WHAT NEEDS TO BE DONE:
Every line of the material must be restated exactly, though not its pictures.

GIVEN DATA:

────

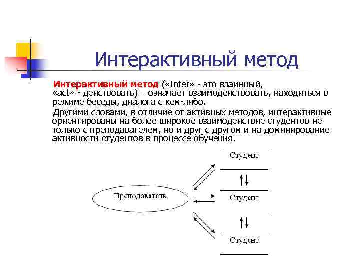 Интерактивный метод ( «Inter» - это взаимный, «act» - действовать) – означает взаимодействовать, находиться в режиме беседы, диалога с кем-либо. Другими словами, в отличие от активных методов, интерактивные ориентированы на более широкое взаимодействие студентов не только с преподавателем, но и друг с другом и на доминирование активности студентов в процессе обучения.
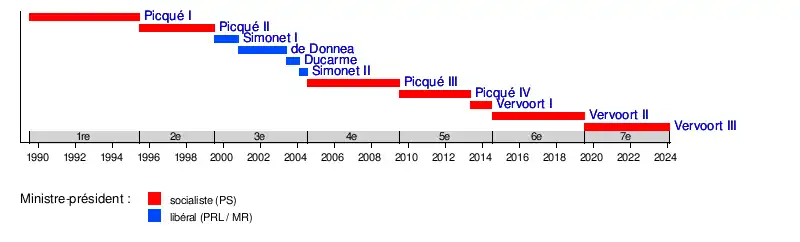 Gouvernement Vervoort IIIGouvernement Vervoort IIGouvernement Vervoort IGouvernement Picqué IVGouvernement Picqué IIIGouvernement Simonet IIGouvernement DucarmeGouvernement de DonneaGouvernement Simonet IGouvernement Picqué IIGouvernement Picqué I
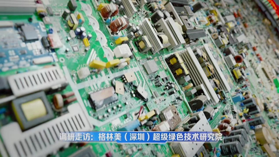 走進格林美(深圳)超級綠色研究院,映入眼簾的是一面“精致”的線路板墻,下方陳列著“大哥大”、打印機等多年前流行的電子設備,旁邊還有一面擺放著自上個世紀60年代至今的報廢電視機墻。

────

FINAL ANSWER:
 Интерактивный метод ( «Inter» - это взаимный, «act» - действовать) – означает взаимодействовать, находиться в режиме беседы, диалога с кем-либо. Другими словами, в отличие от активных методов, интерактивные ориентированы на более широкое взаимодействие студентов не только с преподавателем, но и друг с другом и на доминирование активности студентов в процессе обучения.
 Gouvernement Vervoort IIIGouvernement Vervoort IIGouvernement Vervoort IGouvernement Picqué IVGouvernement Picqué IIIGouvernement Simonet IIGouvernement DucarmeGouvernement de DonneaGouvernement Simonet IGouvernement Picqué IIGouvernement Picqué I
 走進格林美(深圳)超級綠色研究院,映入眼簾的是一面“精致”的線路板墻,下方陳列著“大哥大”、打印機等多年前流行的電子設備,旁邊還有一面擺放著自上個世紀60年代至今的報廢電視機墻。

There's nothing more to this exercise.